A royal invitation of our own. 8 April 2011

I’m not going to lie, I did get a little excited when I received an invitation to Kensington Palace for an afternoon reception with the Prince’s Foundation for Children and the Arts.

 

Before I knew it, I was standing in what used to be Princess Diana’s dining room, hearing about the charity’s work in making the arts more accessible for children who don’t otherwise get the opportunity to experience it.

The Chief Executive of the Foundation was describing how their projects aim to create a ‘third space’ for children – somewhere that is neither home nor school, where children can discover and develop their creativity.

I started thinking about my own school days, and my first trip to the West End – to see Andrew Lloyd Webber’s The Beautiful Game, of all things.

As we were marched past the huge white pillars of the Lyceum Theatre, where Disney’s The Lion King was playing (and still is, 12 years on...), I couldn’t help but wonder why we were going to see a musical about an Irish football team when we could be seeing the stage adaptation of one of the best films of all time.

We took part in a dance workshop, based on the opening number in the show, at Pineapple Studios (no sign of Louis Spence, fortunately).

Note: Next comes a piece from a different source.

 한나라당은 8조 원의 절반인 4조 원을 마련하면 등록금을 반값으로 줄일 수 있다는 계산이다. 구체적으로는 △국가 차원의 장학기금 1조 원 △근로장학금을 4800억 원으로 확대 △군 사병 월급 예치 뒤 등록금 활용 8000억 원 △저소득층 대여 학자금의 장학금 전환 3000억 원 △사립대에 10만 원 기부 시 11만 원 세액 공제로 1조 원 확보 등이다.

Being miles from the classroom and from home, the dance studio became our ‘third space’, and I definitely saw a different side to my classmates that day.

The fear of embarrassment or humiliation that might have existed in a classroom setting, or at home, simply evaporated.

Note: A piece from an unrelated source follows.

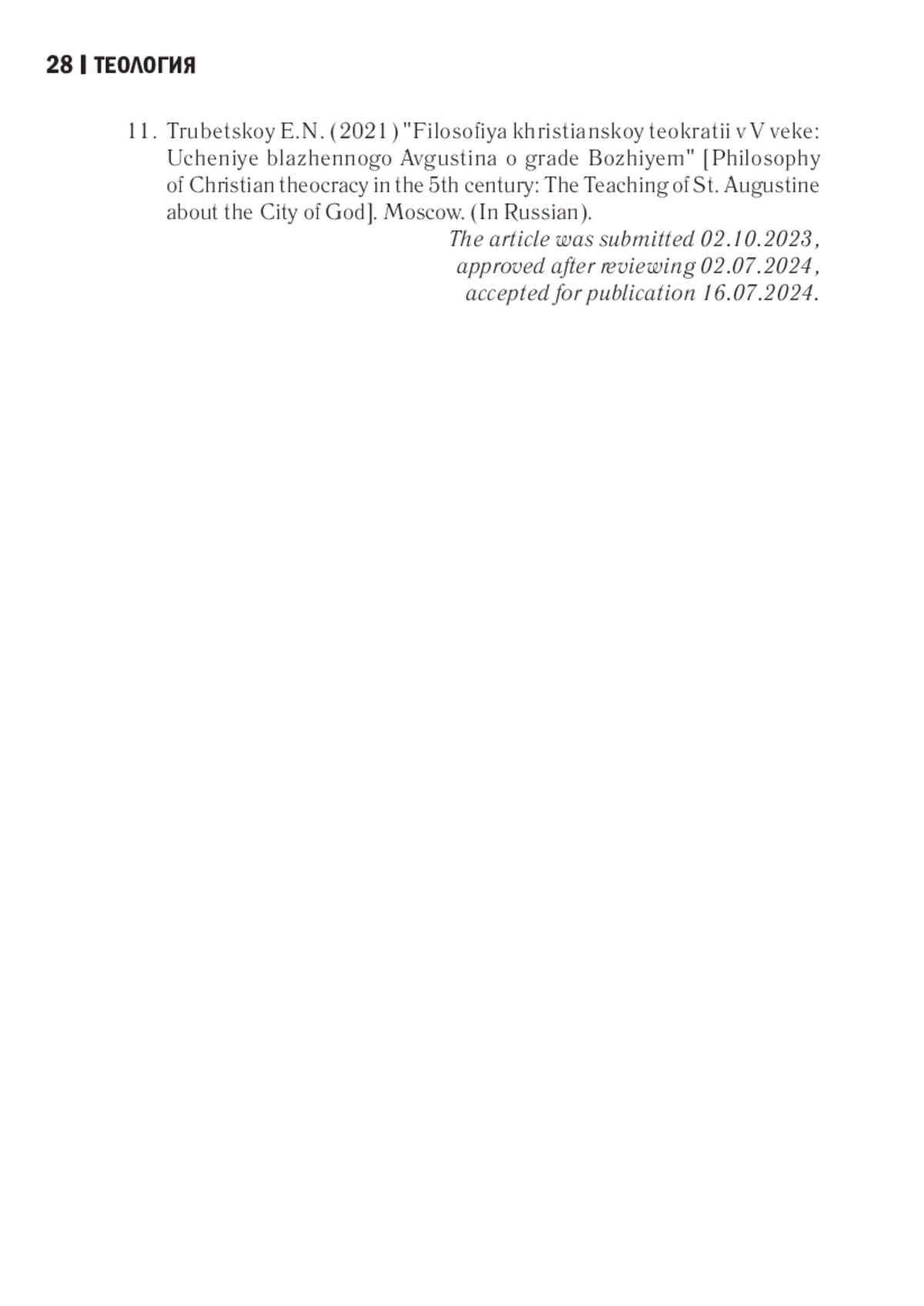 10. Трубецкой Е. Н. Философия христианской теократии в V веке: Учение блаженного Августина о граде Божием. М.: Либроком, 2021. 152 с.

We became engrossed in the performance, discovering what we were capable of (and perhaps more importantly, what we weren’t).

Seeing the show afterwards (very moving, despite my initial reservations) put everything we’d just done into context, and made us appreciate the work that goes into a full-scale West End production.

Looking back, I realise that this experience had a big impact on my future decisions. I didn’t think so at the time, but when I look at my CV now, all my past jobs and experience are, in some way, related to the theatre.

It’s safe to say that we should never underestimate the long-term impact that the theatre, and the arts more widely, can have on a child.

Having said that, would I encourage my own children to work in the industry? If it’s money that they’re after, then possibly not. But then as the chart-topper and rumoured West End musical writer Jessie J so eloquently puts it:

It's not about the money, money, money
It ain’t about the (ha) Ka-Ching Ka-Ching.
Ain’t about the (yeah) Ba-Bling Ba-Bling
Wanna make the world dance,
Forget about the price tag.

I couldn’t have put it better myself.